All relevant articles were obtained from PubMed. This review included all types of free articles published in English, such as clinical trials, systematic reviews, and meta-analyses.
The targeted population was children under 19 years of age. This review excluded studies with small sample sizes, i.e., less than 100 participants, and non-peer-reviewed articles.
This systematic review used the Patient, Intervention, Comparison, and Outcome (PICO) framework.
A total of 518 citations were obtained after the initial search; however, 27 studies fulfilled all inclusion criteria and were considered in this review.
25(OH)D is the major circulating vitamin D form exhibiting antiviral properties through antimicrobial peptides. Monocytes and macrophages expressing CYP27B1 (1-α hydroxylase) enable the conversion of 25-hydroxycholecalciferol to 1,25-dihydroxycholecalciferol.
Calcitriol is an active vitamin D form that is crucial in limiting pathogenic presence. Previous studies have shown that vitamin D enhances nitric oxide production, which is linked to the antioxidative effect of 25OHD. Vitamin D receptor (VDR) and CYP27B1 have been detected in considerable amounts in cells and tissues.
Most studies indicated a robust association between VD status and the incidence of ARTIs, including COVID-19 infections.
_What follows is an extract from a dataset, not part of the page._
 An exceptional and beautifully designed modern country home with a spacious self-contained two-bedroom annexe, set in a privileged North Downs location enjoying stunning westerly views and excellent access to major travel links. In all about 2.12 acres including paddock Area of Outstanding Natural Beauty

These studies revealed that vitamin D levels were inversely related to the severity of COVID-19.
A limited number of studies contradicted this finding and reported no correlation between vitamin D deficiency (VDD) and a higher prevalence of SARS-CoV-2 infection.
In contrast, another study demonstrated VD’s prospective protective and preventative function against COVID-19. An elevation in inflammatory markers occurs when vitamin D serum concentrations decrease.
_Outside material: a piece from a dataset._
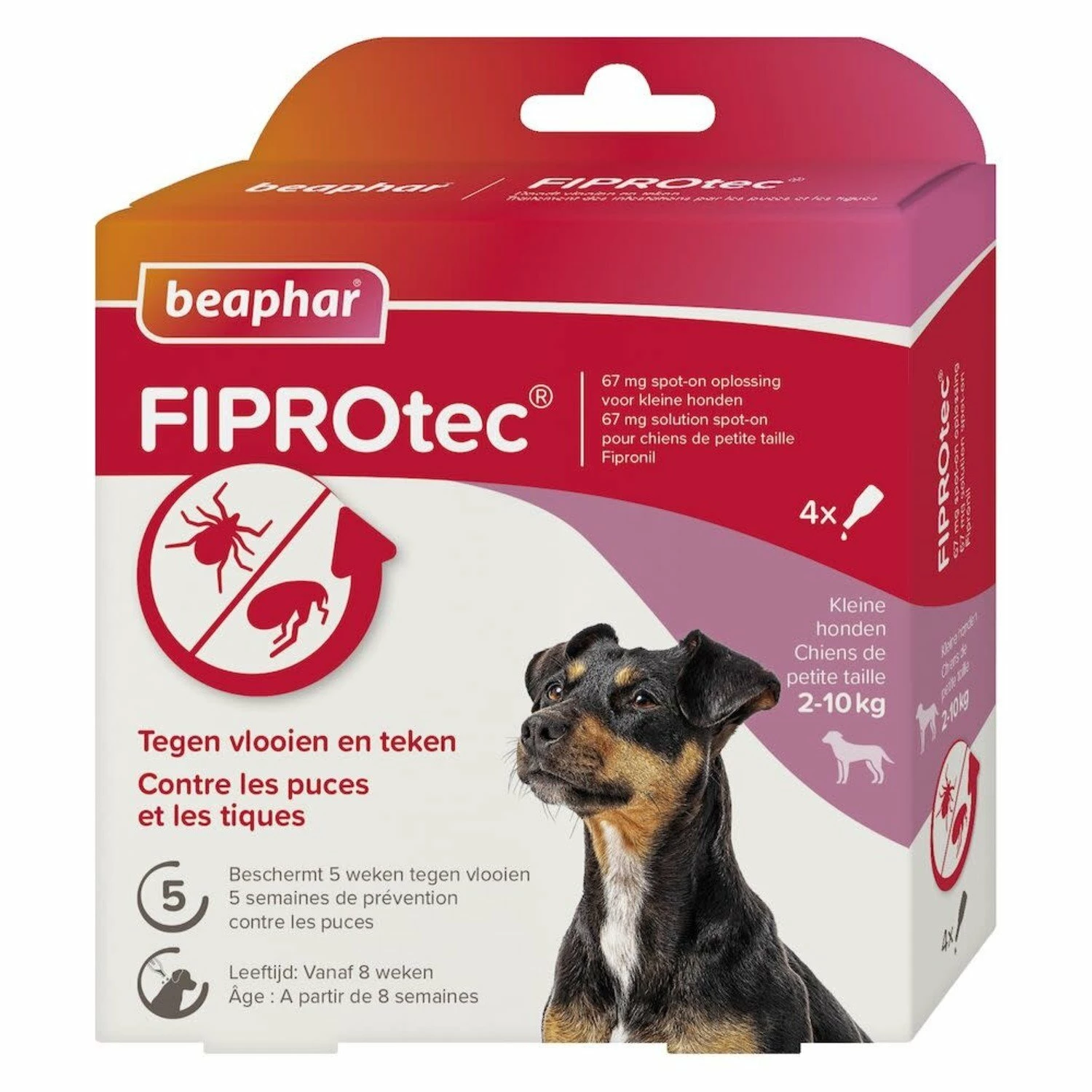 FIPROtec® is een effectief middel ter bestrijding van vlooien en teken. 1 pipet beschermt uw hond tot 5 weken tegen vlooien en tot 4 weken tegen teken. Geschikt voor honden vanaf 8 weken.

Numerous factors are associated with VD’s ability to prevent ARTIs. For instance, 25 hydroxyvitamin D enhances the synthesis of natural antibodies.
In addition, it improves immunity by promoting monocyte differentiation and preventing lymphocyte production. VD also enhances the phagocytic activity of macrophages. Therefore, many studies have indicated that VD intake lowers the risk of severe SARS-CoV-2 infection.
A meta-analysis considered around 4786 children to determine the efficacy of vitamin D supplementation in combination with antibiotics to treat pneumonia. A higher vitamin D concentration lowered the risk of recurring pneumonia.
Another study indicated that 25(OH)D concentration higher than 75.0 nmol/L significantly lowered the risk of acute pneumonia. A survey showed that 1/5 of children hospitalized due to pneumonia were VDD. Babies under three years old diagnosed with pneumonia subjected to 100,000 IU of VD3 almost eliminated the risk of recurrence.
In some cases, young patients with COVID-19 required hospitalization, and vitamin D was measured from this group without a baseline measurement. This has generated conflicting interpretations about causality.
A prior study reported reverse causality with the expression CYP24A1, which increased SARS-CoV-2 infection. Therefore, more research is required to elucidate how VD influences COVID-19.
Although systematic reviews and meta-analyses have indicated that a lower level of 25(OH)D enhances the risk of developing ARTI in children, the experimental findings sometimes contradict this observation.
There has been a growing consensus that serum VD should be maintained above 75 nmol/L to maintain overall health. To avoid VDI in all age groups, dietary VD intake and VD supplements have been recommended.